[[ WORKING DATA, beginning ]]

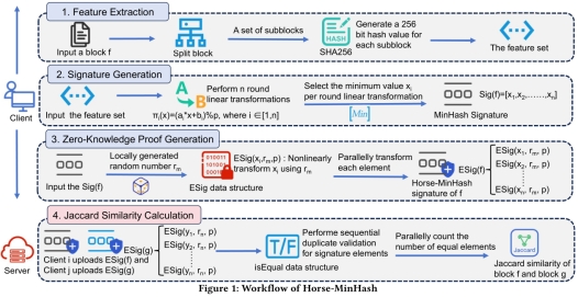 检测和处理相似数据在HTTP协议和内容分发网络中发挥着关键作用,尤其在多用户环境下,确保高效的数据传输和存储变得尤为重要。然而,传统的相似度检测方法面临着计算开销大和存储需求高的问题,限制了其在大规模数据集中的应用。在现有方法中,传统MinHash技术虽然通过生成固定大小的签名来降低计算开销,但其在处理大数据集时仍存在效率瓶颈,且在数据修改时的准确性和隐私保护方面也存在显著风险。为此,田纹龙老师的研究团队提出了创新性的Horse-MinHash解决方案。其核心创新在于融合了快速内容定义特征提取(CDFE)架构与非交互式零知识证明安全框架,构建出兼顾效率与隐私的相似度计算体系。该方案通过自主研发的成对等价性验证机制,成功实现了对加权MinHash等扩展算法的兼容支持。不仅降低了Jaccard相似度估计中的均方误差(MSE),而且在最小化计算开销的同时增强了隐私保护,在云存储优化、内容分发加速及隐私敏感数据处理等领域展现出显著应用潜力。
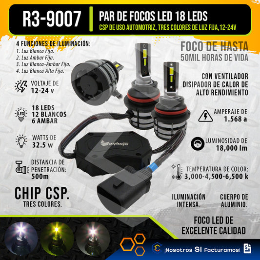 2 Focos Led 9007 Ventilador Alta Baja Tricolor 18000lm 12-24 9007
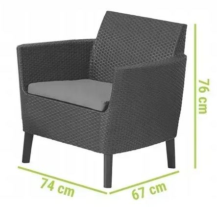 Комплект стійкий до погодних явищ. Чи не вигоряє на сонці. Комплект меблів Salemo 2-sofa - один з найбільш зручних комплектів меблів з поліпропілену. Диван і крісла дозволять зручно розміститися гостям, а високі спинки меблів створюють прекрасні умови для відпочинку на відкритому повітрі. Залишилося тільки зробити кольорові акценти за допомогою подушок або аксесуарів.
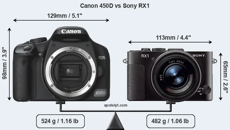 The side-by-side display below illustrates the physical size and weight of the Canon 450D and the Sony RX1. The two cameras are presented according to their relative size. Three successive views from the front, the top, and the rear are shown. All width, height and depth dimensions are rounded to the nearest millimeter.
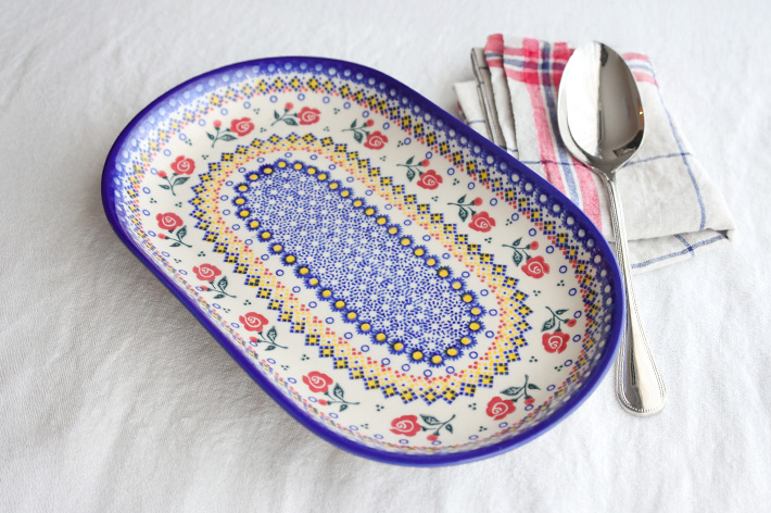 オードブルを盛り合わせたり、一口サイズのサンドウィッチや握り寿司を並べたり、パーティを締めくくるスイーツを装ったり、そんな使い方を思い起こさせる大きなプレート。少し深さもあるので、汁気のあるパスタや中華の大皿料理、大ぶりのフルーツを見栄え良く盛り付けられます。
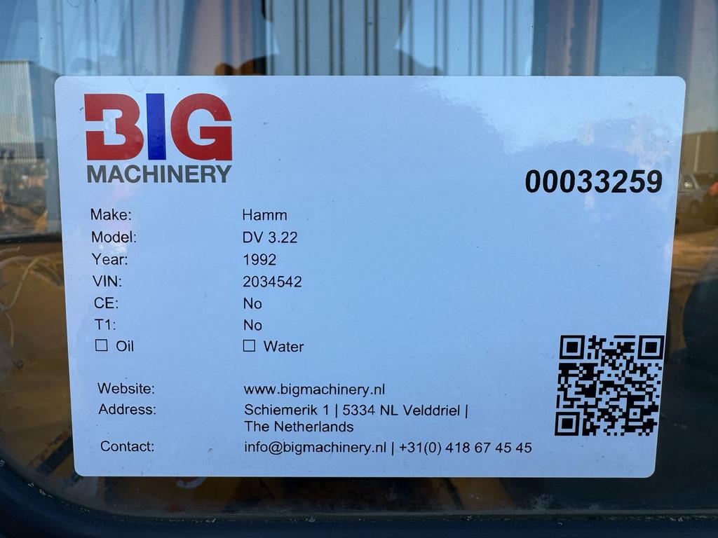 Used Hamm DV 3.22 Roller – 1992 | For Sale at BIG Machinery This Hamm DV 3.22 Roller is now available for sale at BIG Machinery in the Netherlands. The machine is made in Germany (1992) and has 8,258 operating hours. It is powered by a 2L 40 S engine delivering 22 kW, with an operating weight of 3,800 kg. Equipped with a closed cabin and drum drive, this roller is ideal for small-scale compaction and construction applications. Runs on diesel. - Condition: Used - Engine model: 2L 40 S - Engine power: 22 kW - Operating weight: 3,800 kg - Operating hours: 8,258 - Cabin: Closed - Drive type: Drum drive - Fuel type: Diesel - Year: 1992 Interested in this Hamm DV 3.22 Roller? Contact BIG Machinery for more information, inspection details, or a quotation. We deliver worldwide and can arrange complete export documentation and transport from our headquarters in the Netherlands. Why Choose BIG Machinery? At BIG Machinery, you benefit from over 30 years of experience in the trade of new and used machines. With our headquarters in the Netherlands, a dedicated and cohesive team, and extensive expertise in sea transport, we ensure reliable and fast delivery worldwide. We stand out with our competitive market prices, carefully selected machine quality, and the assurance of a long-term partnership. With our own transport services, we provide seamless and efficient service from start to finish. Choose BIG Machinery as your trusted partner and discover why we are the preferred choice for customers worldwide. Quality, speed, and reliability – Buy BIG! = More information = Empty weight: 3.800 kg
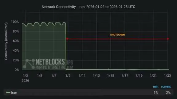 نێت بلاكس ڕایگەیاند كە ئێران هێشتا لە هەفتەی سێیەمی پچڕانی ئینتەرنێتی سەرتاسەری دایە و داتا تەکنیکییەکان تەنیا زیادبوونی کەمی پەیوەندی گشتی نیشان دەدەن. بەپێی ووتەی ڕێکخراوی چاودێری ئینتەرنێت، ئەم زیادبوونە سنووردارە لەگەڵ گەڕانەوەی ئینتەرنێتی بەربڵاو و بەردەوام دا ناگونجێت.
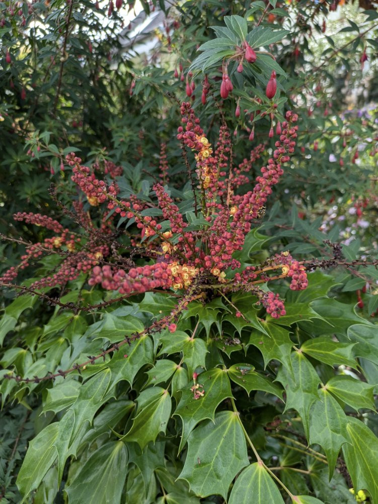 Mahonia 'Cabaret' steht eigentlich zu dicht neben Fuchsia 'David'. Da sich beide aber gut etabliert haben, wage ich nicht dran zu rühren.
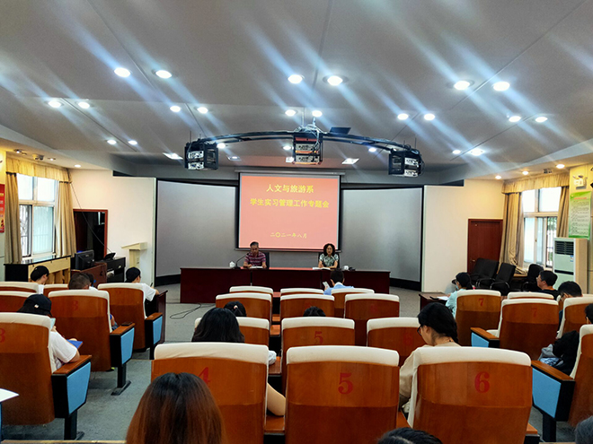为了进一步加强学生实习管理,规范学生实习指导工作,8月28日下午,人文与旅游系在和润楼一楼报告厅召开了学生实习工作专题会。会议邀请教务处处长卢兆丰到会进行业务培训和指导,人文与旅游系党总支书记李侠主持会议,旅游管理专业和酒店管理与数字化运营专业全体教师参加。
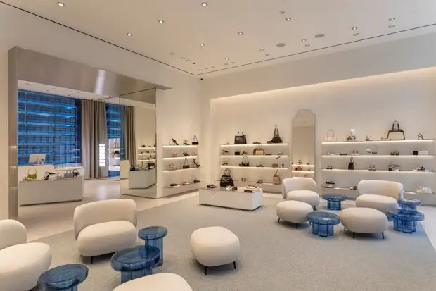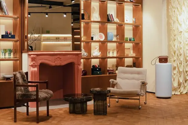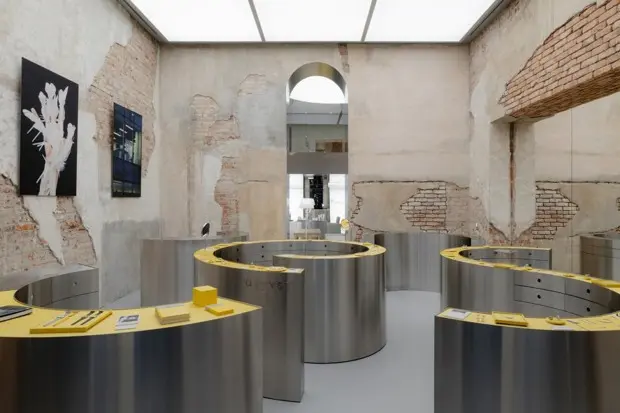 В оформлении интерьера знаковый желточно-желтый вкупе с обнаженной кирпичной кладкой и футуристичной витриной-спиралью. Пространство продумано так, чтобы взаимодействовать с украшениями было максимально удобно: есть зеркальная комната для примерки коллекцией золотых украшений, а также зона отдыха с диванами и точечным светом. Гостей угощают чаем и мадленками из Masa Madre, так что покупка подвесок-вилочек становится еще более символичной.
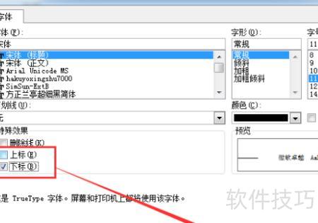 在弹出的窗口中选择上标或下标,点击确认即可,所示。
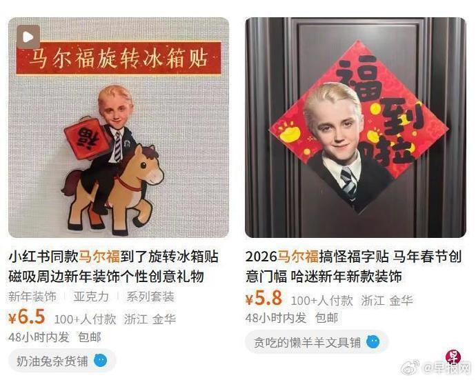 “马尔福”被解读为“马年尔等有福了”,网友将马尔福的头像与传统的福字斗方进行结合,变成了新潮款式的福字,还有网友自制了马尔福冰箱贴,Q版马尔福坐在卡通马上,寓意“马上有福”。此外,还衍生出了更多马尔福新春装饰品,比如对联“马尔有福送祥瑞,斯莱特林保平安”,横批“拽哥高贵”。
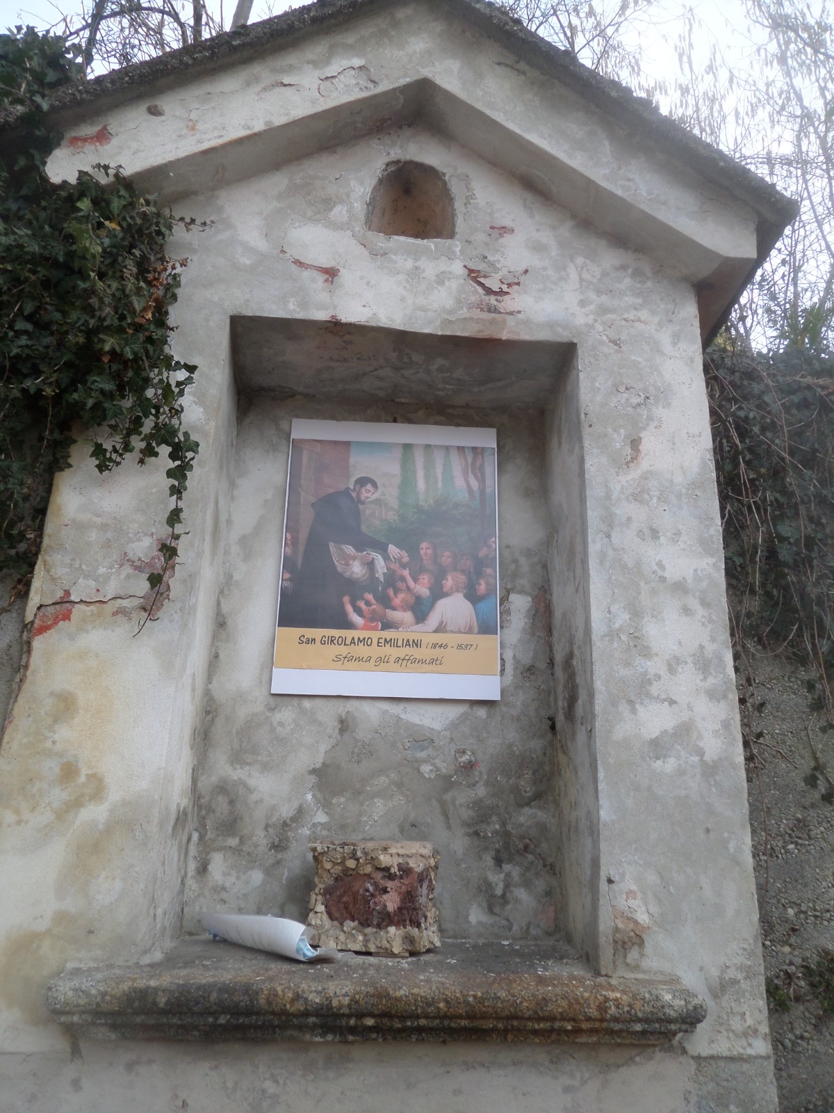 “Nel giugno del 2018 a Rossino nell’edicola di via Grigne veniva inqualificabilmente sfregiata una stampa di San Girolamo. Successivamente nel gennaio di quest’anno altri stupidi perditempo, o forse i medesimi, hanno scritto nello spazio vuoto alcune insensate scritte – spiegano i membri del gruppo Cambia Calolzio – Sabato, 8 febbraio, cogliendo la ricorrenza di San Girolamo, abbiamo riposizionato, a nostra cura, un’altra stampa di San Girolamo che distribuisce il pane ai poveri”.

[[ WORKING DATA, end ]]

THE TASK
If an entry contains a picture, omit it; restate everything else word for word.

ANSWER TO THE EXERCISE
 检测和处理相似数据在HTTP协议和内容分发网络中发挥着关键作用,尤其在多用户环境下,确保高效的数据传输和存储变得尤为重要。然而,传统的相似度检测方法面临着计算开销大和存储需求高的问题,限制了其在大规模数据集中的应用。在现有方法中,传统MinHash技术虽然通过生成固定大小的签名来降低计算开销,但其在处理大数据集时仍存在效率瓶颈,且在数据修改时的准确性和隐私保护方面也存在显著风险。为此,田纹龙老师的研究团队提出了创新性的Horse-MinHash解决方案。其核心创新在于融合了快速内容定义特征提取(CDFE)架构与非交互式零知识证明安全框架,构建出兼顾效率与隐私的相似度计算体系。该方案通过自主研发的成对等价性验证机制,成功实现了对加权MinHash等扩展算法的兼容支持。不仅降低了Jaccard相似度估计中的均方误差(MSE),而且在最小化计算开销的同时增强了隐私保护,在云存储优化、内容分发加速及隐私敏感数据处理等领域展现出显著应用潜力。
 2 Focos Led 9007 Ventilador Alta Baja Tricolor 18000lm 12-24 9007
 Комплект стійкий до погодних явищ. Чи не вигоряє на сонці. Комплект меблів Salemo 2-sofa - один з найбільш зручних комплектів меблів з поліпропілену. Диван і крісла дозволять зручно розміститися гостям, а високі спинки меблів створюють прекрасні умови для відпочинку на відкритому повітрі. Залишилося тільки зробити кольорові акценти за допомогою подушок або аксесуарів.
 The side-by-side display below illustrates the physical size and weight of the Canon 450D and the Sony RX1. The two cameras are presented according to their relative size. Three successive views from the front, the top, and the rear are shown. All width, height and depth dimensions are rounded to the nearest millimeter.
 オードブルを盛り合わせたり、一口サイズのサンドウィッチや握り寿司を並べたり、パーティを締めくくるスイーツを装ったり、そんな使い方を思い起こさせる大きなプレート。少し深さもあるので、汁気のあるパスタや中華の大皿料理、大ぶりのフルーツを見栄え良く盛り付けられます。
 Used Hamm DV 3.22 Roller – 1992 | For Sale at BIG Machinery This Hamm DV 3.22 Roller is now available for sale at BIG Machinery in the Netherlands. The machine is made in Germany (1992) and has 8,258 operating hours. It is powered by a 2L 40 S engine delivering 22 kW, with an operating weight of 3,800 kg. Equipped with a closed cabin and drum drive, this roller is ideal for small-scale compaction and construction applications. Runs on diesel. - Condition: Used - Engine model: 2L 40 S - Engine power: 22 kW - Operating weight: 3,800 kg - Operating hours: 8,258 - Cabin: Closed - Drive type: Drum drive - Fuel type: Diesel - Year: 1992 Interested in this Hamm DV 3.22 Roller? Contact BIG Machinery for more information, inspection details, or a quotation. We deliver worldwide and can arrange complete export documentation and transport from our headquarters in the Netherlands. Why Choose BIG Machinery? At BIG Machinery, you benefit from over 30 years of experience in the trade of new and used machines. With our headquarters in the Netherlands, a dedicated and cohesive team, and extensive expertise in sea transport, we ensure reliable and fast delivery worldwide. We stand out with our competitive market prices, carefully selected machine quality, and the assurance of a long-term partnership. With our own transport services, we provide seamless and efficient service from start to finish. Choose BIG Machinery as your trusted partner and discover why we are the preferred choice for customers worldwide. Quality, speed, and reliability – Buy BIG! = More information = Empty weight: 3.800 kg
 نێت بلاكس ڕایگەیاند كە ئێران هێشتا لە هەفتەی سێیەمی پچڕانی ئینتەرنێتی سەرتاسەری دایە و داتا تەکنیکییەکان تەنیا زیادبوونی کەمی پەیوەندی گشتی نیشان دەدەن. بەپێی ووتەی ڕێکخراوی چاودێری ئینتەرنێت، ئەم زیادبوونە سنووردارە لەگەڵ گەڕانەوەی ئینتەرنێتی بەربڵاو و بەردەوام دا ناگونجێت.
 Mahonia 'Cabaret' steht eigentlich zu dicht neben Fuchsia 'David'. Da sich beide aber gut etabliert haben, wage ich nicht dran zu rühren.
为了进一步加强学生实习管理,规范学生实习指导工作,8月28日下午,人文与旅游系在和润楼一楼报告厅召开了学生实习工作专题会。会议邀请教务处处长卢兆丰到会进行业务培训和指导,人文与旅游系党总支书记李侠主持会议,旅游管理专业和酒店管理与数字化运营专业全体教师参加。
 В оформлении интерьера знаковый желточно-желтый вкупе с обнаженной кирпичной кладкой и футуристичной витриной-спиралью. Пространство продумано так, чтобы взаимодействовать с украшениями было максимально удобно: есть зеркальная комната для примерки коллекцией золотых украшений, а также зона отдыха с диванами и точечным светом. Гостей угощают чаем и мадленками из Masa Madre, так что покупка подвесок-вилочек становится еще более символичной.
 在弹出的窗口中选择上标或下标,点击确认即可,所示。
 “马尔福”被解读为“马年尔等有福了”,网友将马尔福的头像与传统的福字斗方进行结合,变成了新潮款式的福字,还有网友自制了马尔福冰箱贴,Q版马尔福坐在卡通马上,寓意“马上有福”。此外,还衍生出了更多马尔福新春装饰品,比如对联“马尔有福送祥瑞,斯莱特林保平安”,横批“拽哥高贵”。
 “Nel giugno del 2018 a Rossino nell’edicola di via Grigne veniva inqualificabilmente sfregiata una stampa di San Girolamo. Successivamente nel gennaio di quest’anno altri stupidi perditempo, o forse i medesimi, hanno scritto nello spazio vuoto alcune insensate scritte – spiegano i membri del gruppo Cambia Calolzio – Sabato, 8 febbraio, cogliendo la ricorrenza di San Girolamo, abbiamo riposizionato, a nostra cura, un’altra stampa di San Girolamo che distribuisce il pane ai poveri”.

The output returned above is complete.